Read Preference Mode | |
---|---|
primary |
Default mode. All operations read from the current replica set primary. Multi-document transactions that contain read operations must use read preference |
primaryPreferred |
In most situations, operations read from the primary but if it is unavailable, operations read from secondary members. Starting in version 4.4, |
secondary |
All operations read from the secondary members of the replica set. Starting in version 4.4, |
secondaryPreferred |
In most situations, operations read from secondary members but if no secondary members are available, operations read from the primary on sharded clusters. Starting in version 4.4, |
nearest |
Operations read from the member of the replica set with the least network latency, irrespective of whether that member is a primary or secondary. Starting in version 4.4, |
The following are common use cases for using non-primary
read preference modes:
If you have application servers in multiple data centers, you may consider having a geographically distributed replica set and using a non primary or nearest
read preference. This allows the client to read from the lowest-latency members, rather than always reading from the primary.
Use primaryPreferred
if you want an application to read from the primary under normal circumstances, but to allow stale reads from secondaries when the primary is unavailable. This provides a “read-only mode” for your application during a failover.
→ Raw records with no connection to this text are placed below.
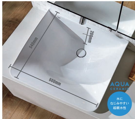
水になじみやすい 超親水性

水栓まわりは、拭き掃除の手間がほとんどありません。しかも、水栓とミラーが一体化になったデザインで、ボウルまわりがすっきり。下部照明を組み合わせて上質な空間演出もできます。セラミックカウンターは、焼きものならではの繊細な表情で洗面空間を引き立て、汚れはもちろん、キズに強く、美しさを保てます。化粧水やファンデーションなど染み込みにくく、軽く拭くだけでお手入れできます。表面硬度は高く、はさみなどを置いてもキズが付きにくくなっています。熱による変色や変形もなく、アイロンの作業台やドライヤー置き場としても安心してお使いいただけます。バックパネルは、空間を個性的に彩るモザイクタイル2色をご用意、そのほか、カウンターのカラーに合わせた2色、木目調3色からお好みのパネルカラーをお選びいただけます。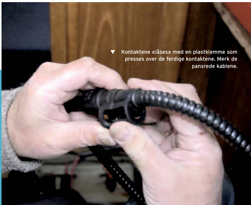
▼ Kontaktene «låses» med en plastklemme som presses over de ferdige kontaktene. Merk de pansrede kablene.

► Den sorte ladekabelen og den gul-grønne jord-kabelen (fra el-sentralen) festes til batteriminus. Den tykke røde ladekabelen, og den tynne røde sense-kabelen festes til batteriplus.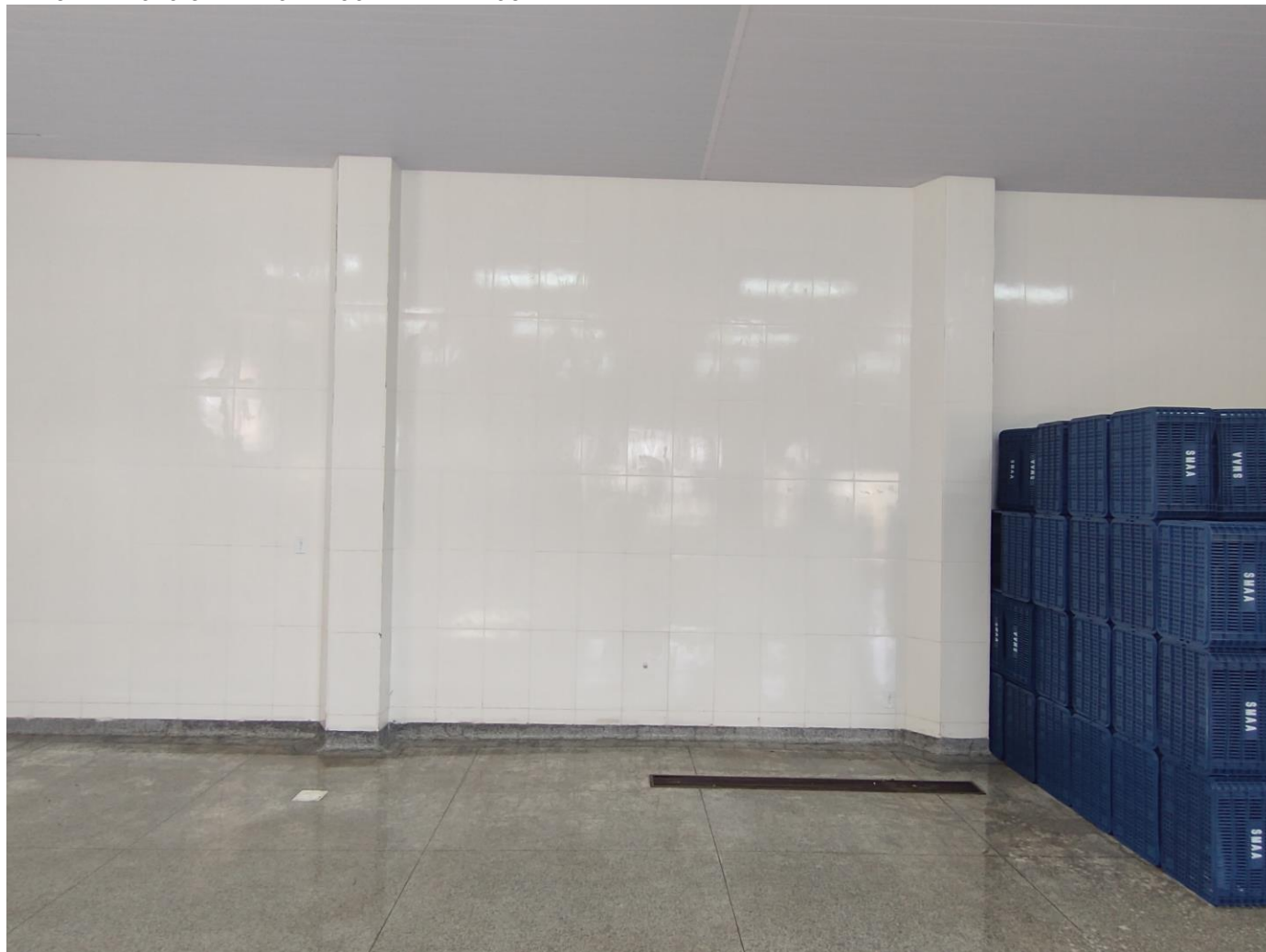
IMAGEM 1: FOTO GERAL DO BANCO DE ALIMENTOS.

In general, do not use secondary
and secondaryPreferred
to provide extra capacity for reads, because:
Changed in version 3.6.在版本3.6中更改。Starting in MongoDB 3.6, clients can use Client Sessions and Causal Consistency Guarantees to ensure monotonic reads.
Sharding increases read and write capacity by distributing read and write operations across a group of machines, and is often a better strategy for adding capacity.
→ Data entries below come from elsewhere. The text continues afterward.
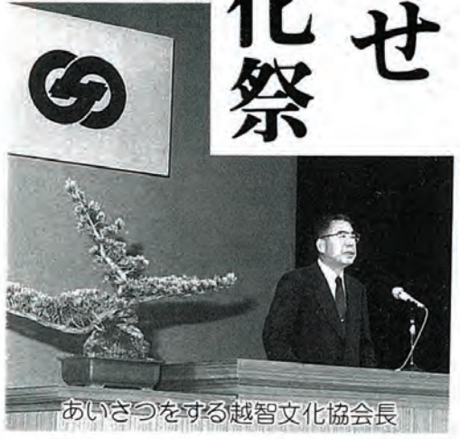
あいさつをする越智文化協会長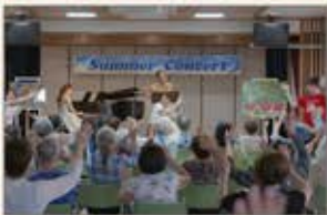
〈東京〉敬老館サマーコンサート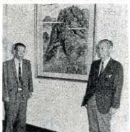
寄贈された南画と

健康に関する相談は市役所健康相談室へ(詳しくは、毎月十五日号の市政だよりをご覧ください)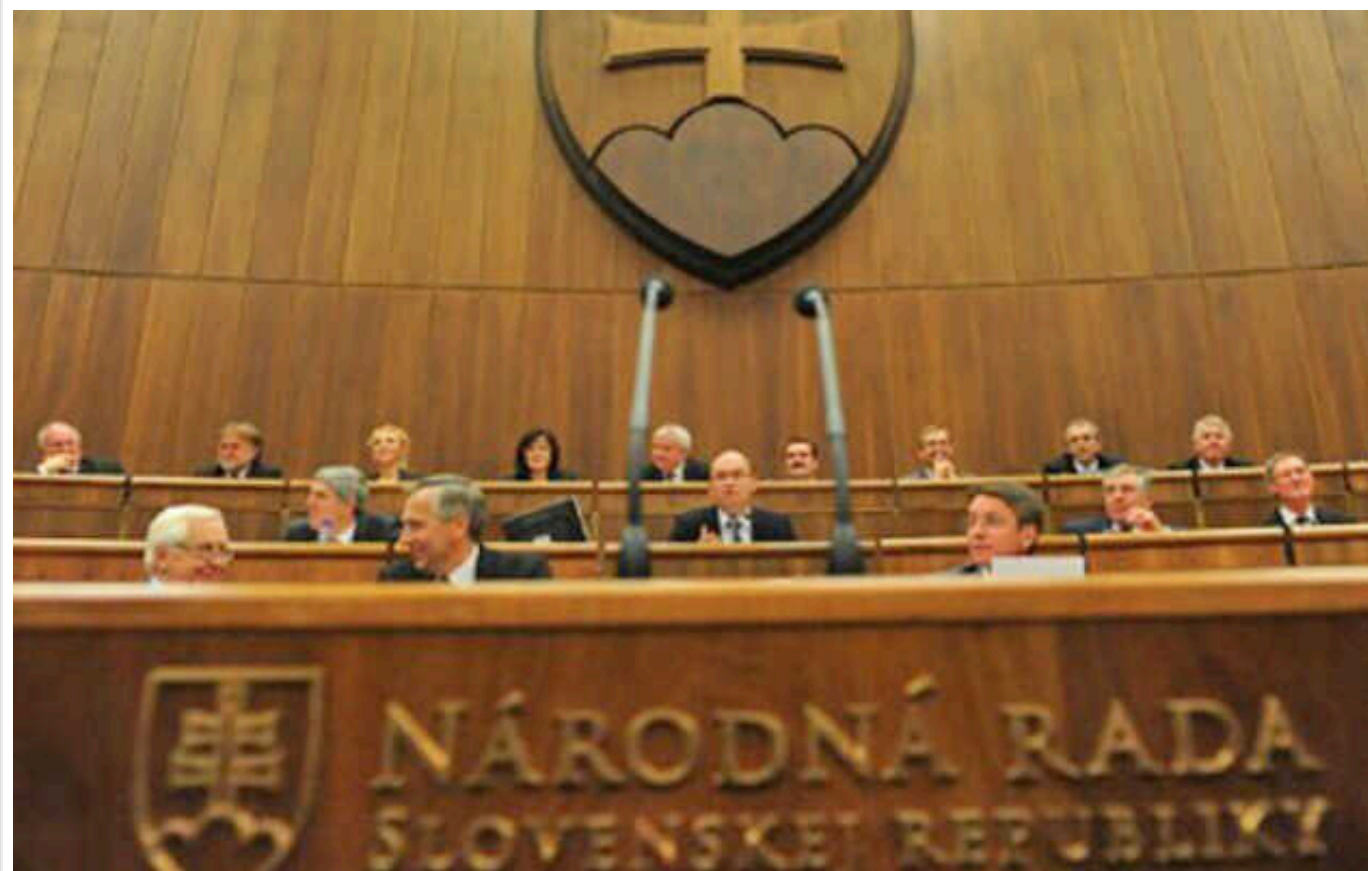
Politico: У Словаччині ліквідували антикорупційну прокуратуру, що викликало обурення ЄС

Рішення ухвалив парламент з подачі прем'єра Фіцо.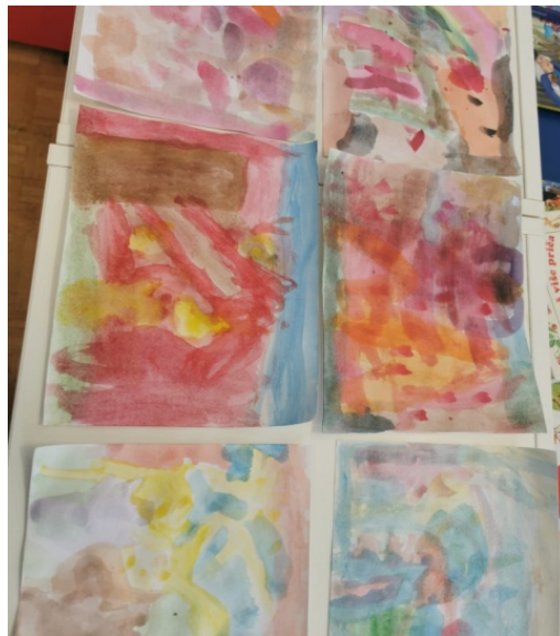
Fotografija 2: Kolekcija crteža nastalih tijekom istraživanja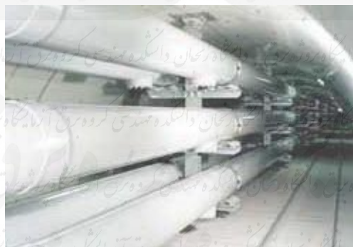
شکل ۳-۱: خط انتقال Shinmeika-Tokai

۲۸۵۰ مگاوات بطول ۳/۳ کیلو متر احداث گردید که در شکل ۳ نشان داده شده است.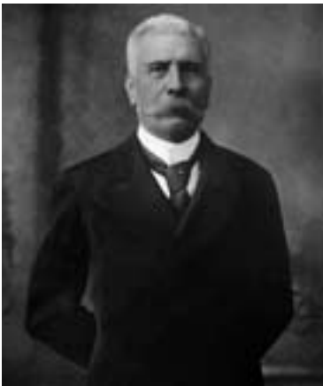
Con la llegada de Porfirio Díaz al poder se impulsó el desarrollo industrial y comercial en casi todo el territorio nacional.

Para enero de 1869, la Cámara de Diputados expidió un decreto cuyo Artículo 5 proponía: “Reformar la Escuela Especial de Comercio del modo que sirva a la vez de Escuela de Administración”; en marzo del mismo año se efectuó una reforma a la ley de 1867.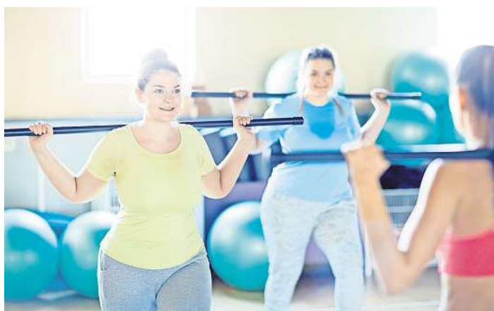
Demnächst starten in Lübeck Kurse mit freien Plätzen.

Im Kurs „Functional Training“ sorgt ein kluges Muskeltraining für Stabilität im Körper. Ganz dem aktuellen Trend folgend, ler-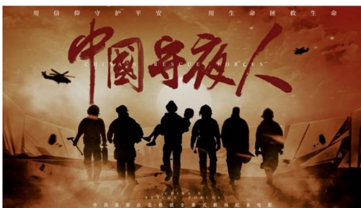
图 6: 《中国守夜人》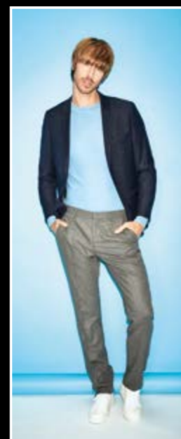
Banner-Motiv 1 Art.-Nr. 13701001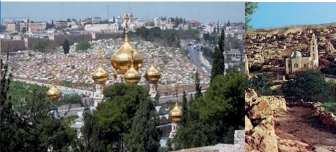
Monte de los Olivos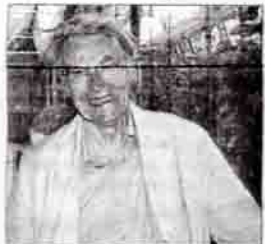
Charles, 76 ans, membre improvisé du jury du slam. « C'est vivant. Une forme de poésie sans prétention. »

Je trouve ça très vivant, très intéressant. J'ai noté selon mes goûts. On voit tout de suite ce qui est bien inspiré, bien dit. Pour certains jeunes, c'est prometteur. Je préfère l'émotion personnelle qui se dégage des textes, plutôt que l'émotion

See Server Selection Algorithm for more information about the internal application of read preferences.
To avoid stale reads, use primary
read preference and "majority"
readConcern
. If the primary is unavailable, e.g. during elections or when a majority of the replica set is not accessible, read operations using primary
read preference produce an error or throw an exception.
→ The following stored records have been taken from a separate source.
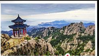
ภูเขาเหลาซาน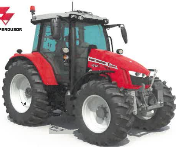
MASSEY FERGUSON 5700S-SERIE MASSEY FERGUSON 7700-SERIE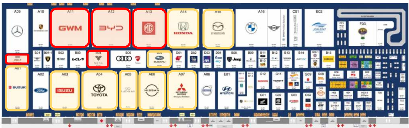
図1 Thailand International Motor Expo 2022 会場レイアウト 出所：主催者ホームページ。日系メーカーを黄色、中国系メーカーを赤色で表示。

モーターエキスポには、会期中に一般来場者：1,335,573名、オンライン参加者：141,442名、合計150万名弱の参加がありました。当センターは開場初日に現場を視察しました。平日にも関わらず多くの参加者が来場し、日系メーカーはもちろんのこと、欧州メーカー、開催前から注目を集めていたBYD、GWM、MGといった中国系メーカーにも人が押し寄せ、活発に予約商談が進む様子を目にしました。これら大手メーカー以外にも、新たな中国系メーカーとして、11月末にタイ政府物品税局とEV利用促進政策の覚書を締結した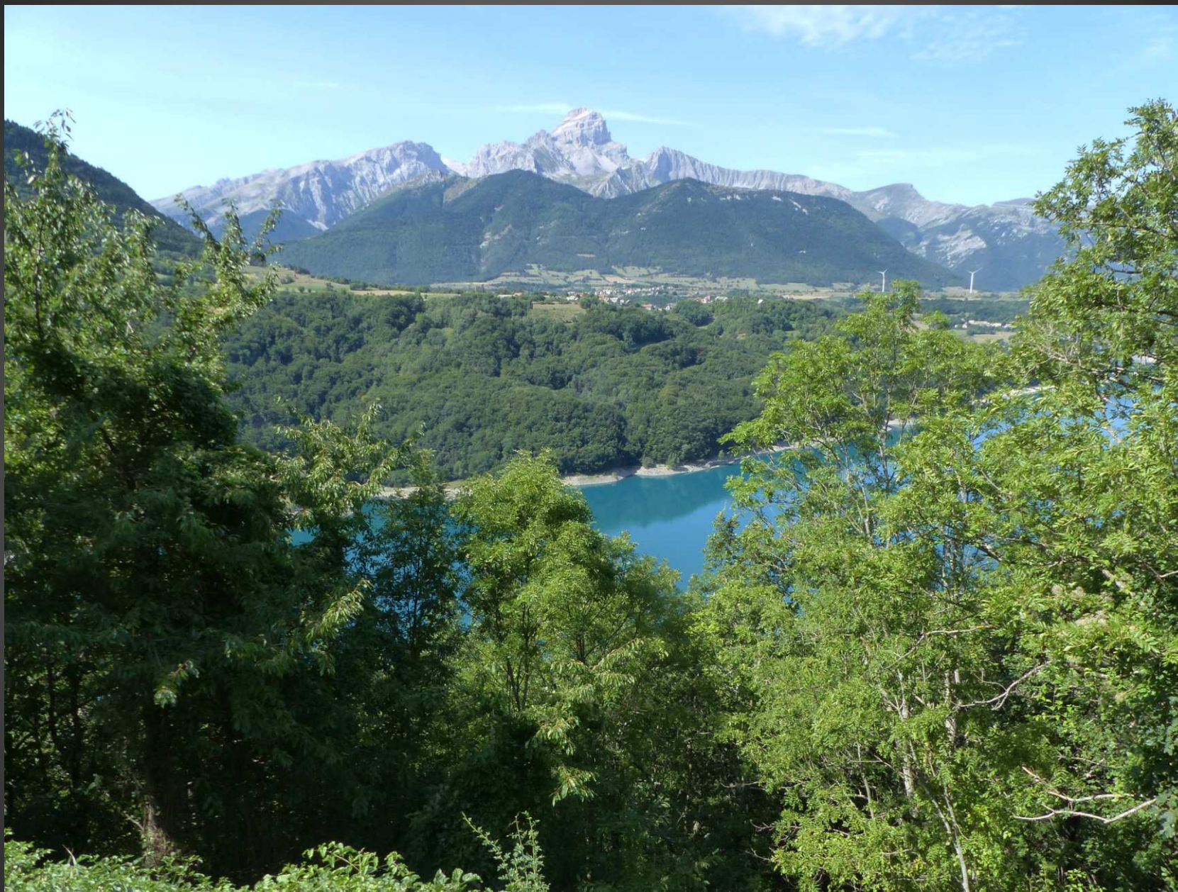
CORPS _ Lac du Sautet, couleur turquoise et dans le lointain, le village de Pellafol, sous la Grande Tête de l'Obiou.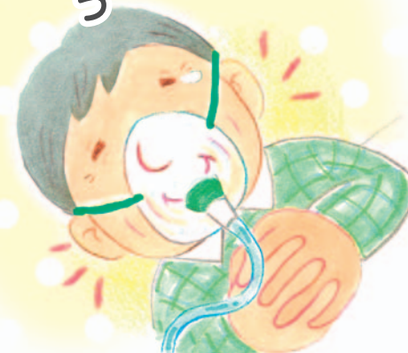
医療福祉・在宅看取りの地域創造会議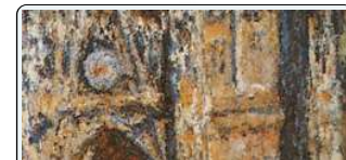
PARTICOLARE Monet, Cattedrale di Rouen, 1894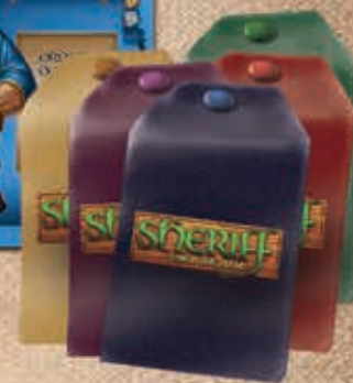
Bolsas dos Comerciantes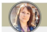
Andrea Arias Vega

Actual diputada del PPD por el distrito 22, es desde el 11 de marzo de 2018 la primera mujer en representar a la Región en la Cámara de Diputados. Fue concejala por Angol y gobernadora de la provincia de Malleco desde el 14 de marzo de 2014 durante el gobierno de Michelle Bachelet.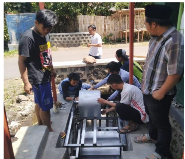
Gambar 6. Ujicoba Alat

Langkah berikutnya setelah pembangkit listrik selesai dibuat adalah uji fungsi dari alat sebelum kegiatan serah terima dilakukan. Uji fungsi dari alat yang dilakukan meliputi alat mekanik yang berupa turbin dan juga fungsi dari kelistrikan saat disambungkan dengan beban. Adapun tujuan dari uji pembangkit listrik ini adalah untuk mengetahui dan memastikan bahwa alat yang telah dibuat dapat berfungsi dengan baik sebagaimana mestinya yaitu menghasilkan listrik guna kebutuhan Masjid Baitulmuttaqin. Proses ujicoba alat bisa dilihat pada Gambar 6.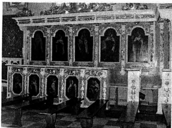
Stalla południowa w kościele w Oborach

nia z nieba, który zstąpił na jego wołanie na górze Karmel 17 . Dalej św. Telesfor papież, z kielichem i trzema hostiami, święty Piotr Tomasz w infule, z krzyżem i zwojem. Obok, w środkowym polu zaplecków, znajduje się wyobrażenie świętego Alberta Avogardo, w infule i czerwonym paliuszu z pastorałem, patriarchy Jerozolimy, który w latach 1207-1209 opracował pierwszą regułę dla zakonu karmelitów, zginął w 1214 roku zaszytowany w czasie procesji 18 . Następna postać, ukazana z pastorałem i lilią w prawej dłoni, to święty Andrzej Corsini, biskup w analogiczny sposób przedstawiony na obrazie w Bydgoszczy. Na ostatnim obrazie w zaplecku znajduje się wizerunek świętego Alberta z lilią przytu-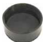
Bouchon de distributeur ALV92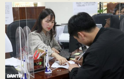
Ảnh minh họa: Hoàng Lam

In some circumstances, it may be possible for a replica set to temporarily have two primaries; however, only one primary will be capable of confirming writes with the "majority"
write concern.
P
old) into a partition with a minority of the nodes, while the other side of the partition contains a majority of nodes. The partition with the majority will elect a new primary (P
new), but for a brief period, the old primary (P
old) may still continue to serve reads and writes, as it has not yet detected that it can only see a minority of nodes in the replica set. During this period, if the old primary (P
old) is still visible to clients as a primary, reads from this primary may reflect stale data.P
old) may become unresponsive, which will trigger an election and a new primary (P
new) can be elected, serving reads and writes. If the unresponsive primary (P
old) starts responding again, two primaries will be visible for a brief period. The brief period will end when P
old steps down. However, during the brief period, clients might read from the old primary P
old, which can provide stale data.To increase consistency, you can disable automatic failover; however, disabling automatic failover sacrifices availability.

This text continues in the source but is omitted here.